Provided material —
>>>
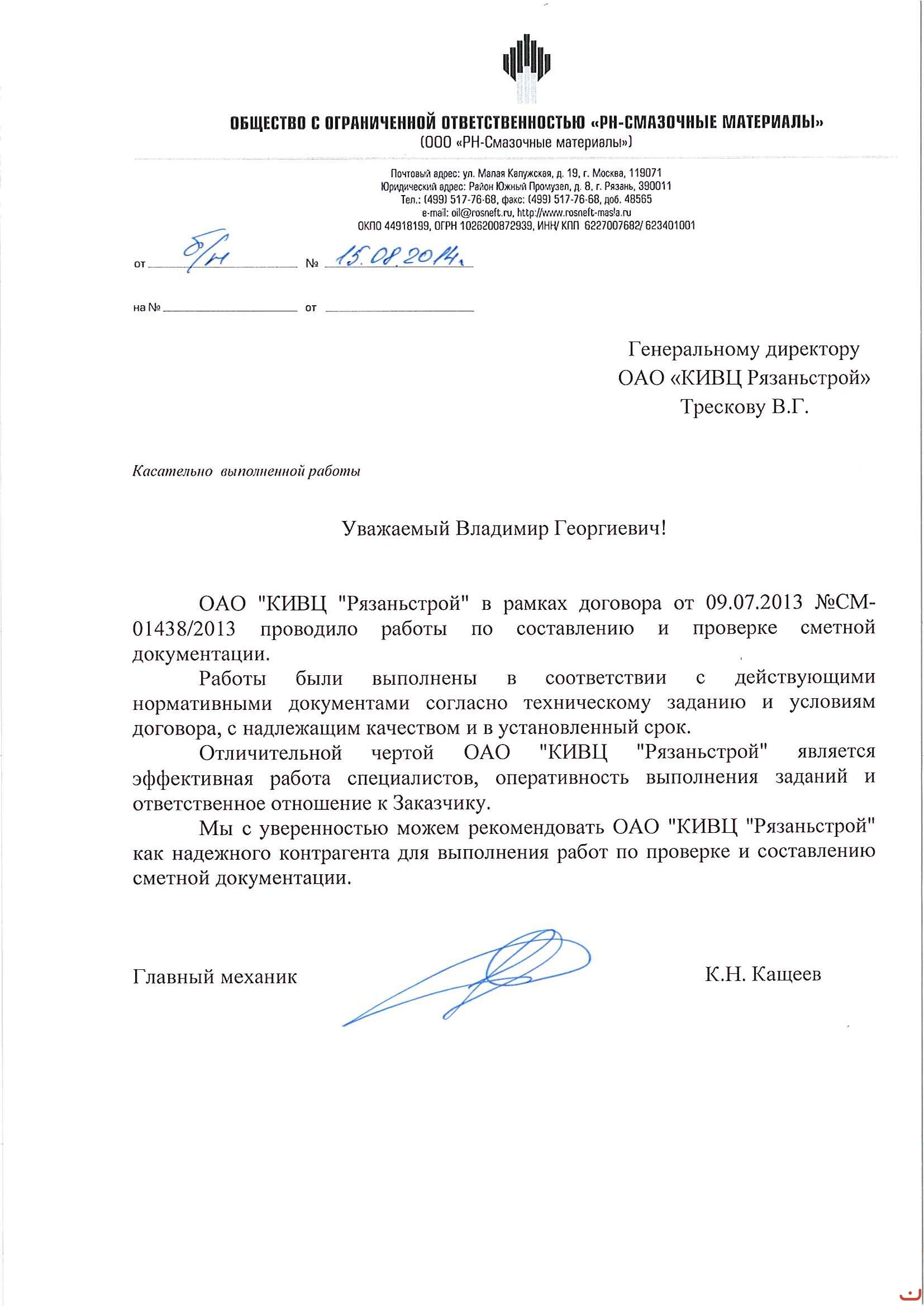 Отличительной чертой ОАО «КИВЦ «Рязаньстрой» является эффективная работа специалистов, оперативность выполнения заданий и ответственное отношение к заказчику. Мы с уверенностью можем рекомендовать ОАО «КИВЦ «Рязаньстрой» как надежного контрагента для выполнения работ по проверке и составлению сметной документации.
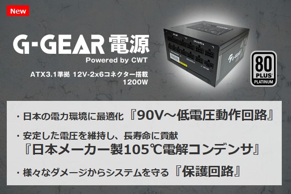 高品質電源ユニット『G-GEAR電源 1200W』標準搭載
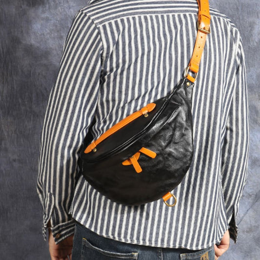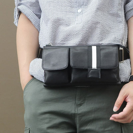 Hüfttasche Herren Leder Brusttasche Brusttasche modern schwarze Gürteltasche Clutch
<<<
Exercise instructions — Print out the whole of the material word for word, without pictures.

Response area —
 Отличительной чертой ОАО «КИВЦ «Рязаньстрой» является эффективная работа специалистов, оперативность выполнения заданий и ответственное отношение к заказчику. Мы с уверенностью можем рекомендовать ОАО «КИВЦ «Рязаньстрой» как надежного контрагента для выполнения работ по проверке и составлению сметной документации.
 高品質電源ユニット『G-GEAR電源 1200W』標準搭載
 Hüfttasche Herren Leder Brusttasche Brusttasche modern schwarze Gürteltasche Clutch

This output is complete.